Toprak aradığında saat dokuzu geçmişti. “Bir hareket var mı?” diye sordu telefon açılır açılmaz. “Yok henüz. Biz de Recep’i konuşturmak için onların lojmana gidiyorduk.”
“Ece, sen uzak dur. Beni beklesinler. On dakikaya kadar oradayım.”
“Sen deli misin? O kadar yolu geldin mi?”
“Evet, önemli değil. Sen uzak dur. Sakın ben gelmeden gitmesinler oraya.”
“Toprak tek değilim ki ben. Herkes burada. Bana bir şey olmaz.”
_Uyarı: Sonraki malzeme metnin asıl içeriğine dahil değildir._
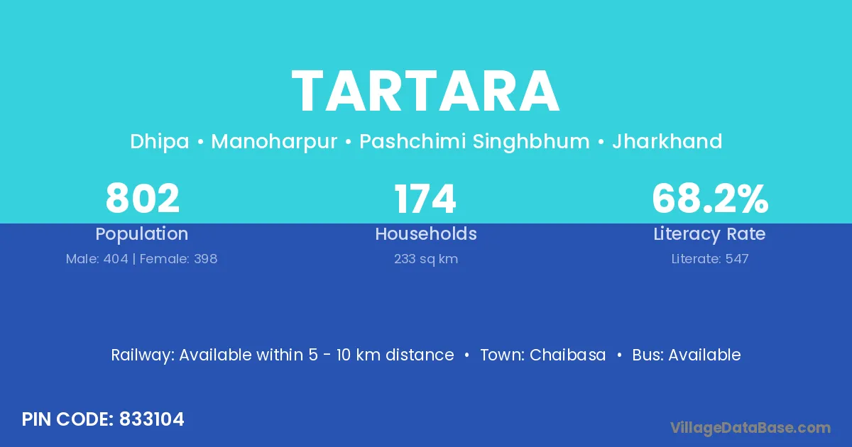 According to Census 2011 information, the village code of Tartara village is 833104.

Onu durduramayacağını anlayınca taktik değiştirdi. “Biliyorum, kahramanlık yapan biri varmış orada. Yine de ben gelmeden sen asla gitmeyecek, beni bekleyeceksin. Anlaşıldı mı?”
Ece, o an içinde olduğu durumu bir yana bırakıp gülümsedi. “Kıskanç adam, İlkay ağabeyim ve arkadaşları geldi. Beş erkek var şu an burada. Ah sen gerçekten delisin, o kadar yol...”
“Yolun önemi yok. Yine de ben gelmeden hiçbiriniz gitmeyin, zaten köyün girişindeyim. Beş dakikaya yanındayım.”
“Toprak, sessiz gelmen lazım. O yüzden araba ile gelemezsin. Anlayıp da kaçar diye korkuyoruz. O zaman kim için çalıştığını hiç öğrenemeyiz.”
“Anladım tamam uzağa bırakır öyle gelirim. Yine de bunca saat beklediniz biraz daha bekleyin.”
“Tamam bekliyoruz gel hadi.” dedi bıkkınlıkla. Ece’nin inatçılığına laf söyleyenin inadı yenilir yutulur gibi değildi. Konuşmayı duyan diğerleri de beklemeye karar verdi. Toprak sesiz ve hızlı adımlarla yanlarına geldiğinde yüzü kireç gibiydi. Başı ile selamladığı grupda olan İlkay’a aldırmadan Ece’nin yanına gitti. Ellerini tutup, “Sen burada kal, biz konuşalım. Senin oraya gitmene hiç gerek yok.” diye düşüncelerini yineledi. “Geliyorum, canım. O tüyü bitmemiş velet benim burnumun dibinde ikili oynamış. Hem belki tek de değildir.”
“Seyisler mi?”
“Bunu düşünmek bile canımı sıkıyor ama Recep ile Ali aynı zamanda geldiler. Ali eski çiftliğinden Gümüş Kanat ile birlikte gelmişti. Recep’i de tanıdığını söylemişti. Bunca zamandır güvendiğim iki kişi de suçluysa değer yargılarımdan şüphe edeceğim.”
“Şüpheci olman normal. Hadi gidelim artık. Plan yaptınız mı? Ne yapılacak?”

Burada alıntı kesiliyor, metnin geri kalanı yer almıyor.